The variable population size coalescent model, introduced by Griffiths and Tavare (1994) and Donnelly and Tavare (1995), allows the inference of past population dynamics from contemporary gene sequences. The model was subsequently extended by Rodrigo and Felsenstein (1999) to sequences that have been sampled at significantly different points in time (e.g., rapidly evolving pathogen sequences or ancient DNA sequences). The inference of demographic history from genetic data has proved invaluable for testing hypotheses in a variety of biological disciplines, for example, anthropology (Reich and Goldstein 1998), epidemiology (Pybus et al. 2001; Joy et al. 2003), conservation biology (Roman and Palumbi 2003), and ecology (Storz, Beaumont, and Alberts 2002; Flanagan et al. 2004).

Coalescent methods for inferring demographic histories require a “demographic model,” which is simply a mathematical function used to describe the change in effective population size through time. Each demographic model has one or more “demographic parameters.” Commonly used demographic models are constant size (one parameter), exponential growth (constant growth rate through time; two parameters), logistic growth (decreasing growth rate through time; three parameters), and expansion growth (increasing growth rate through time; three parameters) (see Pybus and Rambaut [2002] for more details).

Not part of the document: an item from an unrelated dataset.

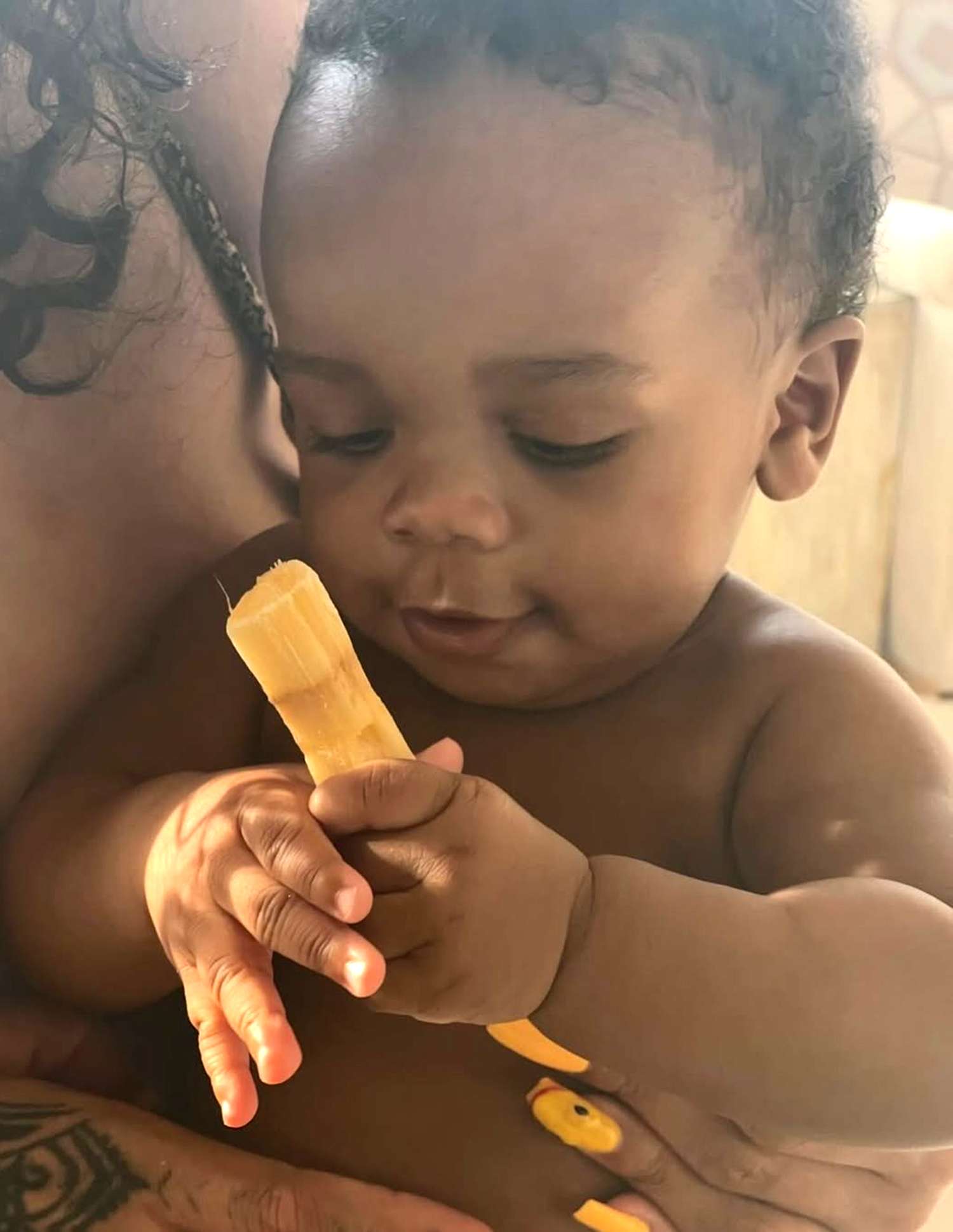 В свой пост она также включила фотографию крупным планом своего малыша, наслаждающегося сладким лакомством на руках у матери.

In addition, combining the models above in a piecewise manner enables an array of more complex models to be constructed. Past population dynamics are reconstructed by estimating the demographic parameters, typically by maximum likelihood or Bayesian methods (Kuhner, Yamato, and Felsenstein 1998; Pybus, Rambaut, and Harvey 2000; Drummond et al. 2002).

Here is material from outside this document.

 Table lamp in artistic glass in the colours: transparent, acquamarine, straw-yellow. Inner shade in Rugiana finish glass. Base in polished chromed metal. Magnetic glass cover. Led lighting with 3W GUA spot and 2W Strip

It is not usually known in advance which demographic model will fit the gene sequences under investigation. Although it is possible to compare the fit of different demographic models using standard model selection techniques (Pybus, Rambaut, and Harvey 2000), this is a time-consuming process and there is no guarantee that any of the compared models will fit the data adequately. The use of an incorrect demographic model will lead to biased and invalid estimates of demographic history. Furthermore, an incorrect demographic model could lead to bias in other estimated parameters of the evolutionary model, such as recombination rate or overall mutation rate, when the demographic history is being treated as a nuisance parameter to be averaged over. To address the first of these concerns, a flexible model called the skyline plot was developed (Pybus, Rambaut, and Harvey 2000). The “skyline plot” is a piecewise-constant model of population size that can fit a wide range of demographic scenarios. It has proved very useful as a model selection tool that is used to indicate the most appropriate demographic model for any given data set (Pybus and Rambaut 2002). The skyline plot typically produces “noisy” plots that display the stochastic variability inherent in the coalescent process. To reduce this noise, the “generalized skyline plot” was developed (Strimmer and Pybus 2001), which uses the Akaike Information Criterion (Akaike 1974) to reduce the number of parameters employed and thus produces smoother estimated population size plots.

Like early genealogical estimators of population size (Felsenstein 1992; Fu 1994), both of the skyline plot methods have a fundamental drawback—they infer demographic history from an estimated genealogy, rather than from the sampled gene sequences, and thus ignore the error associated with phylogenetic reconstruction. Although this error may be small for highly variable sequences, such as those from rapidly evolving viruses (Drummond, Pybus, and Rambaut 2003; Drummond et al. 2003), it is impractical to ignore phylogenetic error in the majority of less variable data sets. Here we resolve this problem by introducing the “Bayesian skyline plot.” The Bayesian skyline plot model uses standard Markov chain Monte Carlo (MCMC) sampling procedures to estimate a posterior distribution of effective population size through time directly from a sample of gene sequences, given any specified nucleotide-substitution model. Unlike previous methods, the Bayesian skyline plot includes credibility intervals for the estimated effective population size at every point in time, back to the most recent common ancestor of the gene sequences. These credibility intervals represent both phylogenetic and coalescent uncertainty. In addition, the “averaging” effect of MCMC sampling naturally produces smoother estimates than previous skyline plots.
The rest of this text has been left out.